§ **WHAT IS REQUIRED**
In the copy, include all of the listing exactly and none of its pictures.

§ **RECORDED DATA**
# # # # #

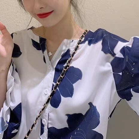 上品な花柄×前開きデザインでこなれ感のあるレイヤードコーデも楽しめる。
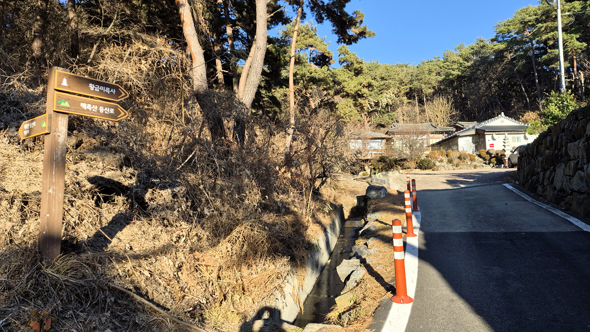 (좌측 혜은사 방향으로 주등로가 내려선다)
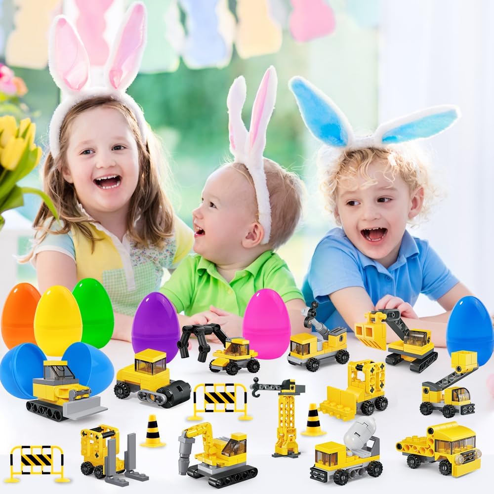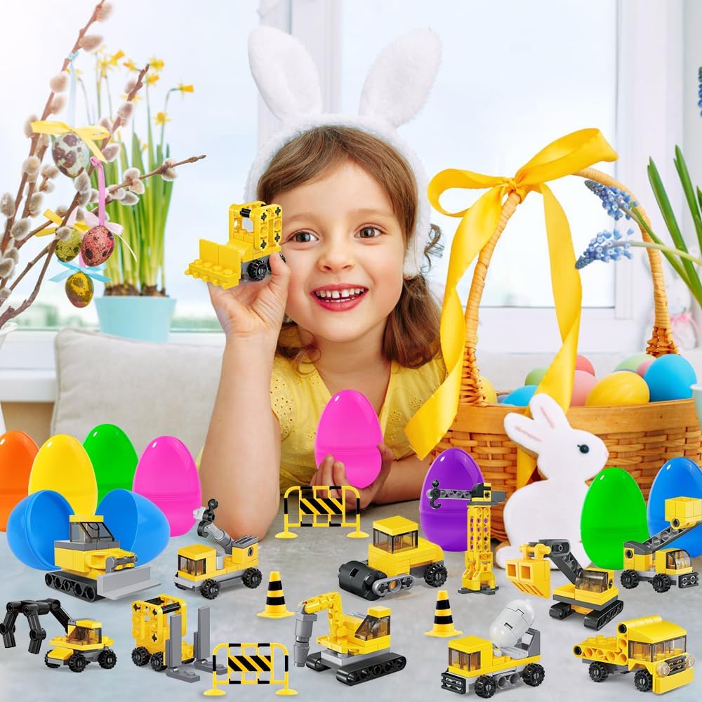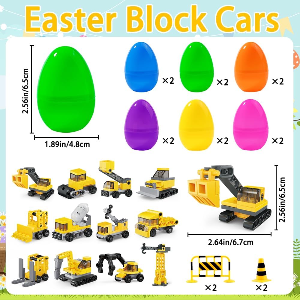 12 Packs Easter Eggs Prefilled with Building Blocks Construction Vehicles Cars

# # # # #

§ **WRITTEN REPLY**
 上品な花柄×前開きデザインでこなれ感のあるレイヤードコーデも楽しめる。
 (좌측 혜은사 방향으로 주등로가 내려선다)
 12 Packs Easter Eggs Prefilled with Building Blocks Construction Vehicles Cars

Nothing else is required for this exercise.